Blok L J, De Ruiter P E, Kühne E C M, Hanekamp E E, Grootegoed J A, Smid-Koopman E, Gielen S C J P, De Gooyer M E, Kloosterboer H J, Burger C W
Department of Reproduction and Development, Erasmus Medical Center, 3000 CA Rotterdam, The Netherlands.
J Clin Endocrinol Metab. 2003 May;88(5):2327-34. doi: 10.1210/jc.2002-021737.

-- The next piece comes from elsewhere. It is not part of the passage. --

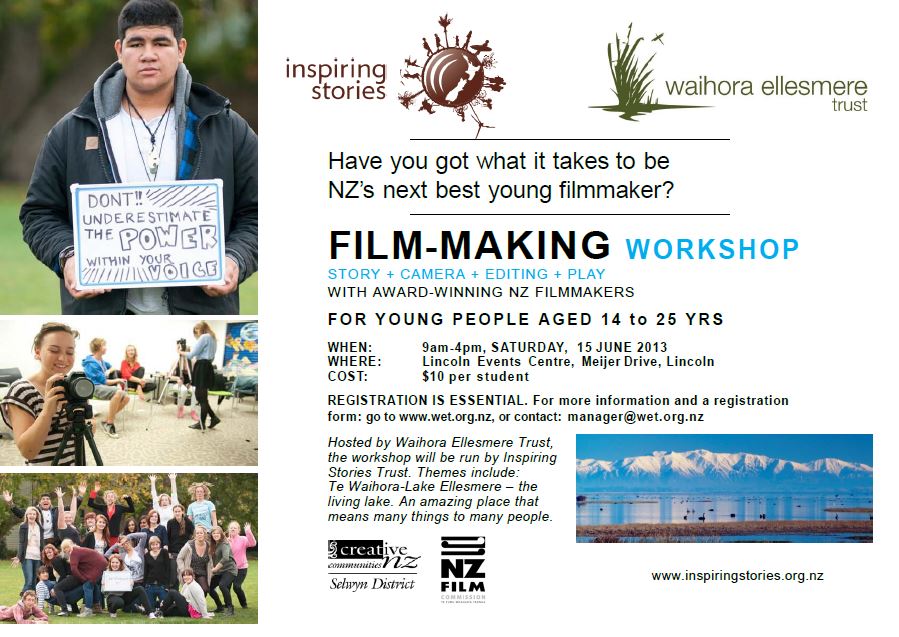 The workshop is an initiative of Inspiring Stories Trust – a charitable trust based in Wellington. Each year the Trust takes some of New Zealand’s best award-winning young filmmakers on the road to share skills with the next generation. Each workshop helps young people develop skills and confidence in story, camera, editing and creative process. Workshops support participants to explore 21st century issues affecting their future (social, environmental, economic etc), brainstorm solutions and connect with local people making a difference. In 2012, more than 300 young people took part in workshops nationwide, several of whom went on to enter the Inspiring Stories Film Competition and win awards, internships and exposure for their work.

Tibolone, a synthetic steroid acting in a tissue-specific manner and used in hormone replacement therapy, is converted into three active metabolites: a Delta(4) isomer (exerting progestogenic and androgenic effects) and two hydroxy metabolites, 3 alpha-hydroxytibolone (3 alpha-OH-tibolone) and 3beta-OH-tibolone (exerting estrogenic effects). In the present study an endometrial carcinoma cell line (Ishikawa PRAB-36) was used to investigate the progestogenic properties of tibolone and its metabolites. This cell line contains progesterone receptors A and B, but lacks estrogen and androgen receptors. When tibolone was added to the cells, complete conversion into the progestogenic/androgenic Delta(4) isomer was observed within 6 d. Furthermore, when cells were cultured with tibolone or when the Delta(4) isomer or the established progestagen medroxyprogesterone acetate was added to the medium, marked inhibition of growth was observed. Interestingly, 3 beta-OH-tibolone also induces some inhibition of growth. These growth inhibitions were not observed in progesterone receptor-negative parental Ishikawa cells, and progestagen-induced growth inhibition of PRAB-36 cells could readily be reversed using the antiprogestagen Org-31489. Upon measuring the expression of two progesterone-regulated genes (fibronectin and IGF-binding protein-3), tibolone, the Delta(4) isomer and medroxyprogesterone acetate showed similar gene expression regulation. These results indicate that tibolone, the Delta(4) metabolite, and to some extent 3 beta-OH-tibolone exert progestogenic effects. Tibolone and most likely 3 beta-OH-tibolone are converted into the Delta(4) metabolite.
替勃龙是一种以组织特异性方式发挥作用并用于激素替代疗法的合成类固醇,它可转化为三种活性代谢物:一种Δ⁴异构体(具有孕激素和雄激素作用)以及两种羟基代谢物,即3α-羟基替勃龙(3α-OH-替勃龙)和3β-OH-替勃龙(具有雌激素作用)。在本研究中,使用子宫内膜癌细胞系(Ishikawa PRAB-36)来研究替勃龙及其代谢物的孕激素特性。该细胞系含有孕激素受体A和B,但缺乏雌激素和雄激素受体。当将替勃龙添加到细胞中时,在6天内观察到其完全转化为具有孕激素/雄激素作用的Δ⁴异构体。此外,当用替勃龙培养细胞或向培养基中添加Δ⁴异构体或已确定的孕激素醋酸甲羟孕酮时,观察到明显的生长抑制。有趣的是,3β-OH-替勃龙也会诱导一定程度的生长抑制。在孕激素受体阴性的亲本Ishikawa细胞中未观察到这些生长抑制,并且使用抗孕激素Org-31489可以轻易逆转孕激素诱导的PRAB-36细胞的生长抑制。在测量两种孕激素调节基因(纤连蛋白和IGF结合蛋白-3)的表达时,替勃龙、Δ⁴异构体和醋酸甲羟孕酮显示出相似的基因表达调节。这些结果表明,替勃龙、Δ⁴代谢物以及在一定程度上3β-OH-替勃龙发挥孕激素作用。替勃龙以及很可能3β-OH-替勃龙会转化为Δ⁴代谢物。